Well, as I am a complete Olympics junkie, you can expect a theme on photos for the next couple weeks.  Big Picture has a nice set from the Opening Ceremonies.  I’m not generally a big fan of these ceremonies, but they typically do make for some pretty stunning images:

Fireworks explode over the Olympic Stadium during the opening ceremony of the London 2012 Olympic Games. (Pawel Kopczynski/Reuters)

 

Guns and freedom

Really interesting piece in the Atlantic about Japan’s gun culture–  basically the mirror opposite of ours:

But what about the country at the other end of the spectrum? What is the role of guns in Japan, the developed world’s least firearm-filled nation and perhaps its strictest controller? In 2008, the U.S. had over 12 thousand firearm-related homicides. All of Japan experienced only 11, fewer than were killed at the Aurora shooting alone. And that was a big year: 2006 saw an astounding two, and when that number jumped to 22 in 2007, it became a national scandal. By comparison, also in 2008, 587 Americans were killed just by guns that had discharged accidentally…

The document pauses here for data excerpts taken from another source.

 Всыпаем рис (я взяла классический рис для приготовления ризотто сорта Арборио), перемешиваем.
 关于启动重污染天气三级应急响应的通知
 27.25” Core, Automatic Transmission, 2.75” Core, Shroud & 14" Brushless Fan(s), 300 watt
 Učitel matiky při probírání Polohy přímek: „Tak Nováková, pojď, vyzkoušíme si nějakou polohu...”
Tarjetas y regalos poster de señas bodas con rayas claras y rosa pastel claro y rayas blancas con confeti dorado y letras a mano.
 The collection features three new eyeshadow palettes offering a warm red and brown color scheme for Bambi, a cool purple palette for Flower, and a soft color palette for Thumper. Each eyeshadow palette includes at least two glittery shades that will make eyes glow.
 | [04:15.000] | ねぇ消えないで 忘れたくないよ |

Even the most basic framework of Japan’s approach to gun ownership is almost the polar opposite of America’s. U.S. gun law begins with the second amendment’s affirmation of the “right of the people to keep and bear arms” and narrows it down from there. Japanese law, however, starts with the 1958 act stating that “No person shall possess a firearm or firearms or a sword or swords,” later adding a few exceptions. In other words, American law is designed to enshrine access to guns, while Japan starts with the premise of forbidding it. The history of that is complicated, but it’s worth noting that U.S. gun law has its roots in resistance to British gun restrictions, whereas some academic literature links the Japanese law to the national campaign to forcibly disarm the samurai, which may partially explain why the 1958 mentions firearms and swords side-by-side.

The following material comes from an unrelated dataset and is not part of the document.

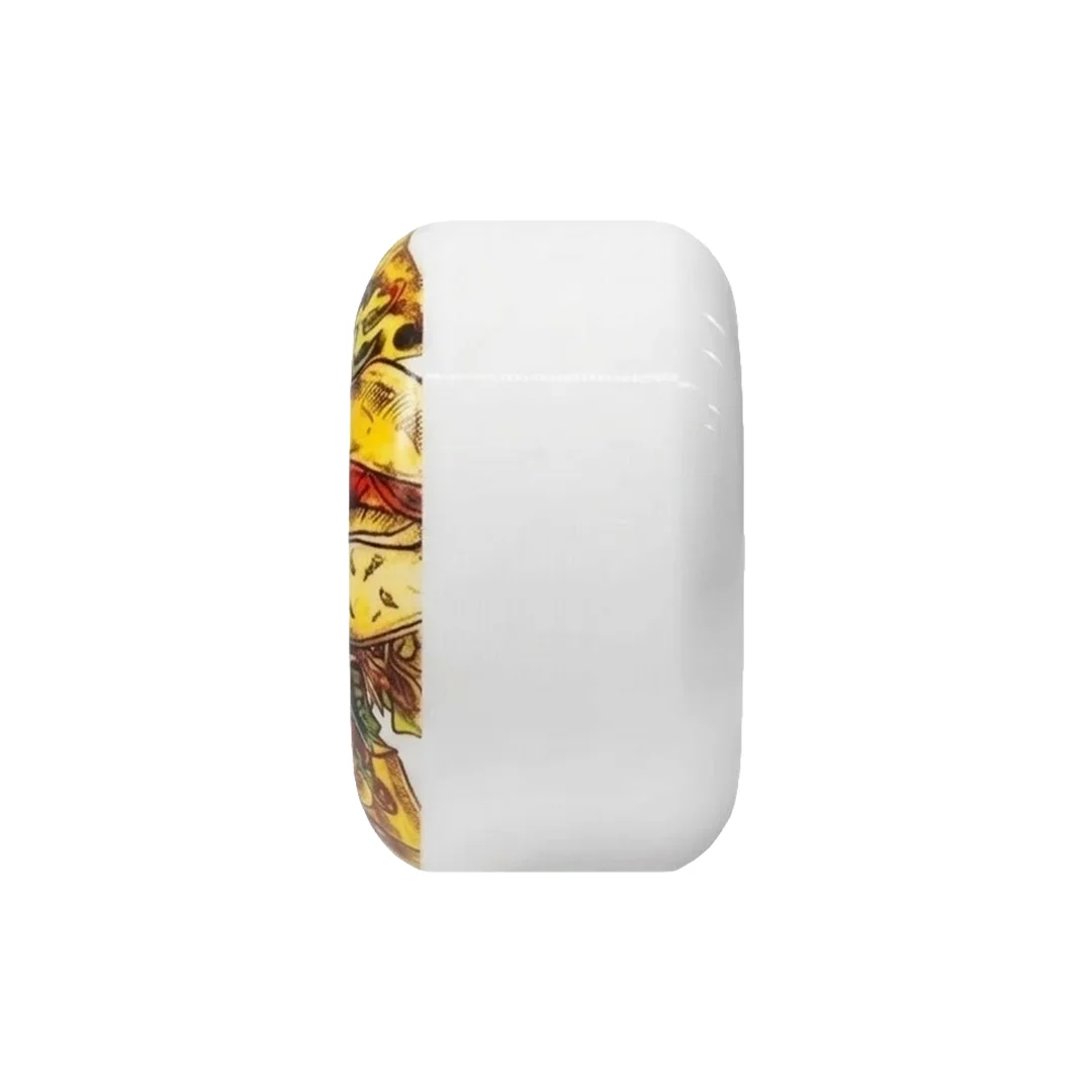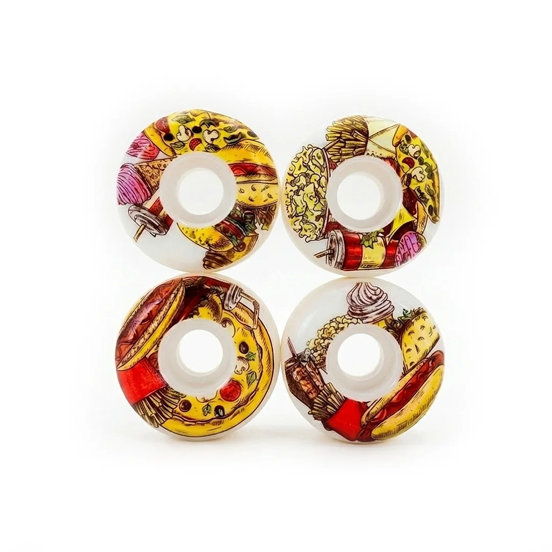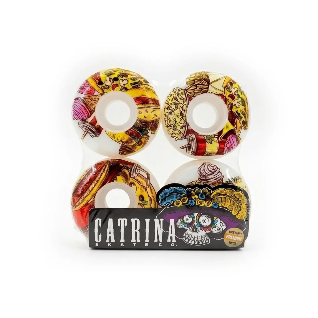 Ruedas Catrina Fast Food Cónicas 100A 54mm. Lleva el menú completo a tu sesión con las ruedas Catrina Fast Food. Este set combina los tres diseños de la serie (Pizza, Hamburguesa y Dona) en un solo paquete, ofreciendo una estética asimétrica y divertida para tu tabla. Con una dureza de 100A y un diámetro de 54mm, estas ruedas están diseñadas para ofrecer un rendimiento profesional en skateparks y superficies lisas, manteniendo la velocidad y facilitando los trucos técnicos.

As the article points out, there are, of course, vast cultural and historical differences between our nations.  But it certainly is interesting to see the opposite extreme in a country in which I don’t think any serious person would argue does not have “freedom.”  Maybe guns were important to freedom in the brand new USA (though, certainly a highly debatle point),  but most definitely not in the modern world.  Love this little anecdote/factoid at the end of the piece:

After all, the U.S. constitution’s second amendment is intended in part to maintain “the security of a free State” by ensuring that the government doesn’t have a monopoly on force. Though it’s worth considering another police state here: Tunisia, which had the lowest firearm ownership rate in the world (one gun per thousand citizens, compared to America’s 890) when its people toppled a brutal, 24-year dictatorship and sparked the Arab Spring.

In contrast, I recall reading that Iraq under Saddam Hussein had very high rates of civilian gun ownership.  In short?  Guns and freedom– not really all that much of a relationship going on there.   Love your guns, sure, but let’s not pretend that somehow freedom is at stake in the matter.